I left Galveston at noon time, after packing and closing hurricane shutters, and pedaled into a solid head wind along the coast before turning inland. After 1000 miles of coast line, moving inland was a nice change and trees provided a welcome wind break. At times, the grass land spread beneath a green cathedral ceiling of evenly spaced live oaks. The towns are small and people are curious and genuinely excited about my trip. By the end of the day i had shook hands, hugged, been blessed, and posed for photos. I am starting to get used to the instant celebrity but it feels odd because to me i am just doing my own thing. Everyone asks, "what's my cause"?
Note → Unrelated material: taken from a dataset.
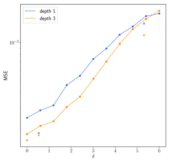 Semilogarithmic plot of the mean squared errors of the NETT using and depending on the noise level. The crosses are the values for the phantoms in Figure 2.

I cruised into West Columbia in the late afternoon asking around about camping before deciding on a county campground nestled into the live oaks next to the Werner-Hogg plantation. I arrived at dusk, and opened a beer to enjoy the sunset before checking in with the campground host. The charming couple next door (that brought me fresh coffee the next morning) directed me towards the end of the small campground. I walk up and see the prominently displayed, "Obama, show us the birth certificate," on the rv windshield. Wow! a birther - they are not common in New York and i am a little excited as i mount the porch to knock. A thin man comes to the door, an almost frail man that is far from birth, and i inquire about registering, and he asks about my vehicle, and i say bicycle. He replies, "bicycle?!, on a bicycle? serious"? And i tell him that i rode 2140 miles to stand right here before him. Anyhow, tents are not allowed . . . so i offer to not set up the tent. . . still not allowed. He is a little confounded, as am i, over the absurd nature of the rules as they applied to our situation that cool Texas evening. He asked, "only one night? . . . you really rode here on a bicycle?," i replied yes and stayed for free.